Вернике делает движение, словно отгоняя насекомое.

– Ладно, – продолжаю я. – Пусть это вопрос для Бодендика, и он легко разрешит его. Бодендик может разрешить любой вопрос с помощью великого неведомого бога, неба и ада – награды для страждущих и наказания для злых. Никто никогда не получал доказательств, что это действительно так; и, по мнению Бодендика, только вера дает блаженство. А для чего же нам дан разум, способность критики, жажда доказательств? Чтобы ими не пользоваться? Странная игра для великого неведомого божества. А что такое благоговейное отношение к жизни? Страх смерти? Страх, всегда только страх? Почему? И почему мы спрашиваем, если на наши вопросы нет ответов?

– Все? – спросил Вернике.

– Нет, не все, но я больше не буду задавать вам вопросов.
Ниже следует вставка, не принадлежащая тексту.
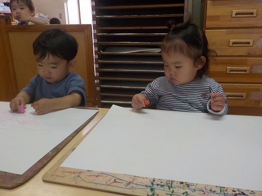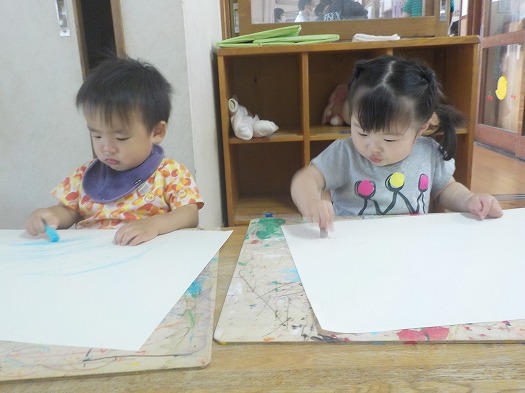 2022年06月17日 クレヨンで描くの楽しいな 1歳児 ゆき 描画をしました。クレヨンを指でつまんだり手全体で持ったりして、思いおもいに画用紙に線や点を描いていきます。 友だちが描いている様子も気になるようで、近くの子が点を描いていたら同じように点を打つ子もおり、一緒のことをしたい気持ちも強くなっています。 それぞれの描き方、表現の仕方を声かけを通して認めています。 一覧へ戻る
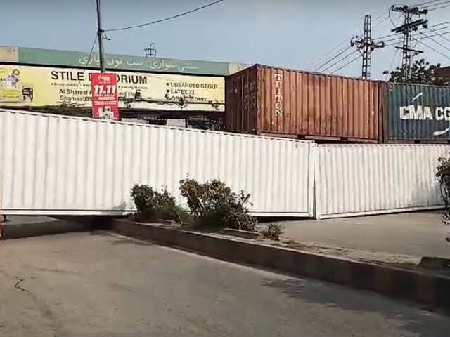 مری روڈ پر داخلے کے تمام راستے بند کر دیے گئے جبکہ مری روڈ پر آنے کے لیے چاہ سلطان روڈ واحد کھلا راستہ ہے۔ بینظیر بھٹو جنرل اسپتال قریب ہونے کے باعث ایک راستہ کھلا چھوڑا گیا۔ مری روڈ میڑو بس اسٹیشن راولپنڈی صدر روڈ سے کنٹینرز لگا کر بند کیا گیا ہے اور مریڑھ چوک پر بھی سڑک کے دونوں اطراف کنٹینرز لگا کر بند کر دیے گئے۔پشاور روڈ بھی ایم ایچ چوک اور چیرنگ کراس سمیت قاسم مارکیٹ بھی کنٹینرز سے بند کی گئی ہے۔ لیاقت باغ چوک سے قبل موتی محل کے قریب بھی مری روڈ کنٹینرز لگا کر بند کر دیے جبکہ لیاقت باغ چوک، کمیٹی چوک سمیت فیض آباد تک کنٹینرز کھڑے کرکے شاہراہ کو بند رکھا گیا ہے۔
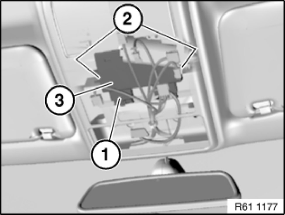 Unlock and disconnect plug connections (1) and remove control unit for slide/tilt sunroof (3).

– Хорошо. Ведь и я не в состоянии вам ответить. Вы хоть это-то понимаете или нет?

– Конечно. Почему именно вы были бы в силах ответить, если в библиотеках всего мира можно найти вместо ответов только умозрительные разглагольствования на эти темы?

Делая второй круг, жук падает. Он снова с трудом перевертывается и начинает третий. Его крылья словно сделаны из синей полированной стали. Весь он подобен прекрасной целеустремленной машине; но свет для него все равно что бутылка водки для алкоголика.

Вернике разливает по стаканам остатки мозельского.

– Вы долго были на фронте?

– Три года.

– Странно!

Я не отвечаю. Я приблизительно догадываюсь о том, что он имеет в виду, и мне не хочется все это еще раз пережевывать.

– Как вы думаете, между рассудком и душой есть связь? – неожиданно спрашивает Вернике.

– Этого я не знаю. Но разве вы считаете, что у этих низших животных, которые сидят у вас под замком и мараются под себя, все-таки есть душа?

Вернике берет свой стакан.

– Для меня это проще, – отвечает он. – Я человек науки и ничего не принимаю на веру. Я только наблюдаю. Бодендик же, напротив, верит априори. А вы неуверенно порхаете между мною и им. Видите этого жука?

Жук в пятый раз идет в атаку. И будет продолжать, пока не умрет. Вернике выключает лампочку.

Так мы его спасем.

В открытые окна входит высокая синяя ночь. Она дышит на нас запахом земли, цветов и мерцанием звезд. Все, что я говорил, кажется мне вдруг чудовищно глупым. Жук делает еще один жужжащий круг и решительно вылетает в окно.

– Хаос, – говорит Вернике. – Но действительно, ли это хаос, или он только кажется нам таким? Вы когда-нибудь думали о том, каким оказался бы мир, будь у нас одним органом чувств больше?

– Нет.

– А на один меньше?

Я размышляю.

– Мы были бы слепы, или глухи, или у нас отсутствовали бы ощущения вкуса. Конечно, была бы огромная разница.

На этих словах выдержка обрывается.